DATASET SECTION:
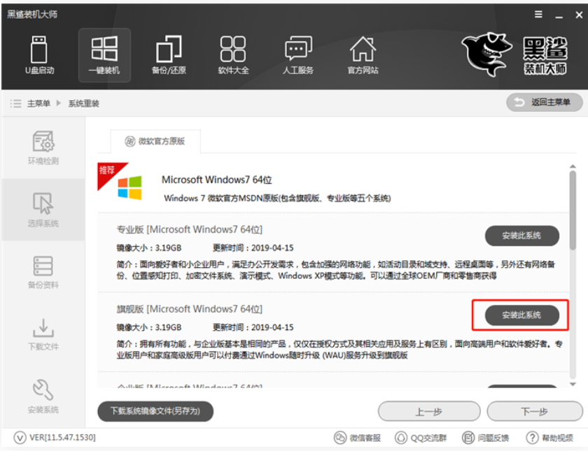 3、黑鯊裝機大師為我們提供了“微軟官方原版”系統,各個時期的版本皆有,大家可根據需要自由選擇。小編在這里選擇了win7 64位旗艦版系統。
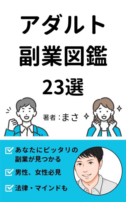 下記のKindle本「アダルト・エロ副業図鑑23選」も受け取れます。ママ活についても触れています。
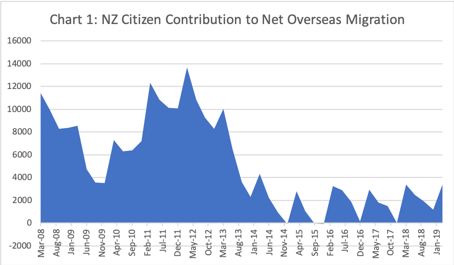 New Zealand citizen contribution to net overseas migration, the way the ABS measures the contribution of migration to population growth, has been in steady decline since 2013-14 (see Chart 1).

INSTRUCTIONS TO FOLLOW:
The copy must match every line of the data exactly and contain no pictures.

SOLUTION FOR THIS PROBLEM:
 3、黑鯊裝機大師為我們提供了“微軟官方原版”系統,各個時期的版本皆有,大家可根據需要自由選擇。小編在這里選擇了win7 64位旗艦版系統。
 下記のKindle本「アダルト・エロ副業図鑑23選」も受け取れます。ママ活についても触れています。
 New Zealand citizen contribution to net overseas migration, the way the ABS measures the contribution of migration to population growth, has been in steady decline since 2013-14 (see Chart 1).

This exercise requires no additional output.